Beginning with the line containing "Wenn Sie über" and ending at the last line of the data, set down every line exactly, leaving out all pictures.

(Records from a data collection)
★ ★ ★ ★ ★

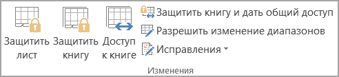 На вкладке Обзор в группе Изменения обратите внимание на следующие параметры безопасности:
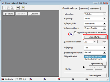 Wenn Sie über den Einzug scannen, können Sie Network ScanGear so einstellen, dass das Dokument in der richtigen Ausrichtung auf dem Computermonitor angezeigt wird.
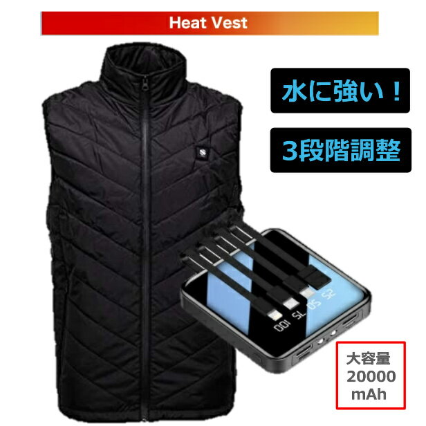 【楽天ランキング入賞】【20000mAhバッテリー付】 ヒートべスト ヒーターベスト 電熱ベスト USB HV-05 バッテリー付 20000mAh 大容量 5台同時充電可 タイプC対応 あったか メンズ レディース 加熱 ヒーター 防水 釣り キャンプ スノボ スキー 【ACアダプタープレゼント】
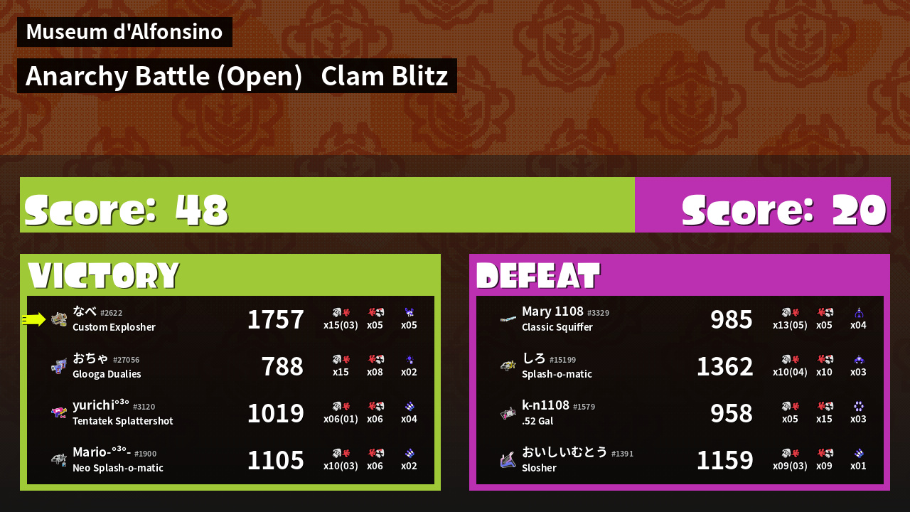 | Mode | Clam Blitz - Anarchy Battle (Open) | ||
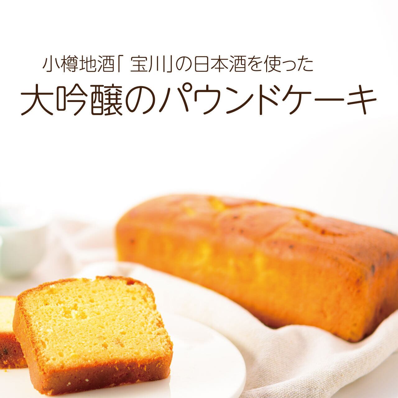 古き良き風情を残した街、小樽市の地酒「純米大吟醸酒 宝川」を贅沢に使用した、日本酒のパウンドケーキです。
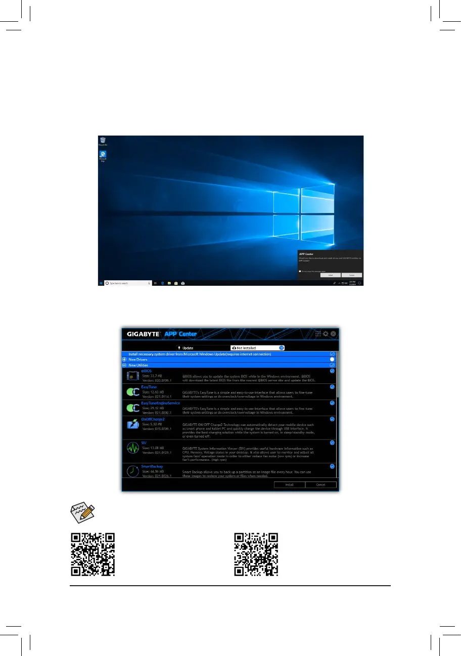 if you want to download and install the drivers and GIGABYTE applications via APP Center. Click Install to

★ ★ ★ ★ ★

# Solution for this problem
 Wenn Sie über den Einzug scannen, können Sie Network ScanGear so einstellen, dass das Dokument in der richtigen Ausrichtung auf dem Computermonitor angezeigt wird.
 【楽天ランキング入賞】【20000mAhバッテリー付】 ヒートべスト ヒーターベスト 電熱ベスト USB HV-05 バッテリー付 20000mAh 大容量 5台同時充電可 タイプC対応 あったか メンズ レディース 加熱 ヒーター 防水 釣り キャンプ スノボ スキー 【ACアダプタープレゼント】
 | Mode | Clam Blitz - Anarchy Battle (Open) | ||
 古き良き風情を残した街、小樽市の地酒「純米大吟醸酒 宝川」を贅沢に使用した、日本酒のパウンドケーキです。
 if you want to download and install the drivers and GIGABYTE applications via APP Center. Click Install to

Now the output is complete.